= Diarmuid Mac Bruideadha =

Irish poet

Diarmuid Mac Bruideadha (Brody), Irish poet, died 1563.

Diarmuid was a Mac Bruideadha brehon family member, based at Ballybrody, parish of Dysert, barony of Inchiquin, County Clare. Other branches were located at Knockanalban in Ibrickane and Lettermoylan in Inchiquin.

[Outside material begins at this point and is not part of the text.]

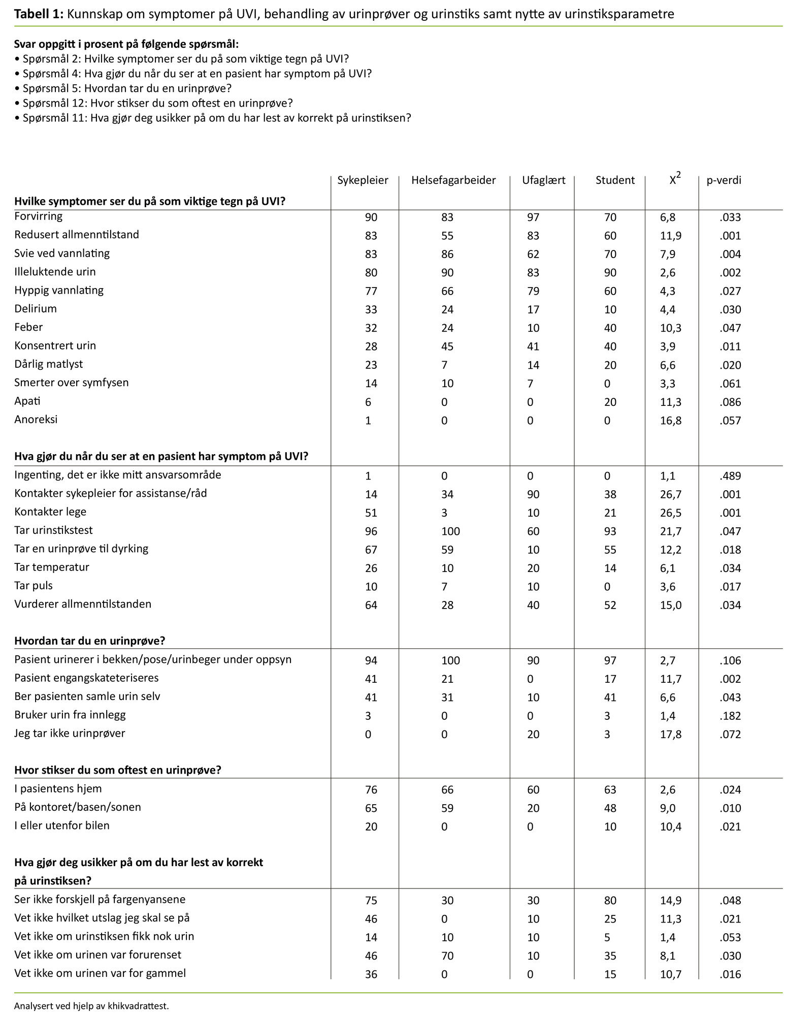 Spørsmål 4 «Hva gjør du når du ser at en pasient har symptom på UVI?» har til hensikt å kartlegge hvorvidt helsepersonellet kan handle adekvat på symptom på UVI. Resultatene fra spørsmål 4 (se tabell 1) viser at de aller fleste opplever UVI som sitt ansvarsområde, det vil si at helsefagarbeidere (34 prosent), studenter (38 prosent) og ufaglærte (90 prosent) kontakter sykepleier og ber om assistanse eller råd om hvordan de skal gå frem. Halvparten av sykepleierne oppgir at de kontakter lege, mens de aller fleste (med unntak av 40 prosent av de ufaglærte) tar en urinstiks når de ser at en pasient har tegn på UVI.
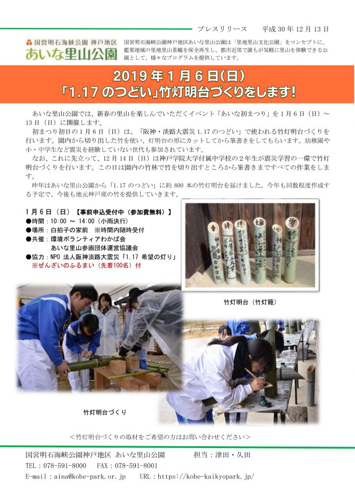 6 日には「1.17 のつどい」で灯す竹灯明台づくりを、13 日は伝統行事の「とんど焼き」を行います。

The Annals of the Four Masters describe Diarmuid, sub anno 1563, as follows:

- Mac Brody, Ollav of Hy-Bracain and Hy-Fearmaic, died, i.e. Dermot, son of Conor, son of Dermot, son of John; and his brother, Maoilin, took his place.

==Family tree==

   John Mac Bruideadha
   |
   |
   Diarmuid
   |
   |
   Concubhair
   |
   |___________________________
   | |
   | |
   Diarmuid, d. 1563. Maoilin, d. 1582.
                              |
                              |
                              Maoilin Óg, d. 1602
                              |
                              |
                              Concubhair, fl. 1636.

==See also==

- Seán Buí Mac Bruideadha, fl. 14th century.
- Tadhg mac Dáire Mac Bruaideadha, c.1570-1652.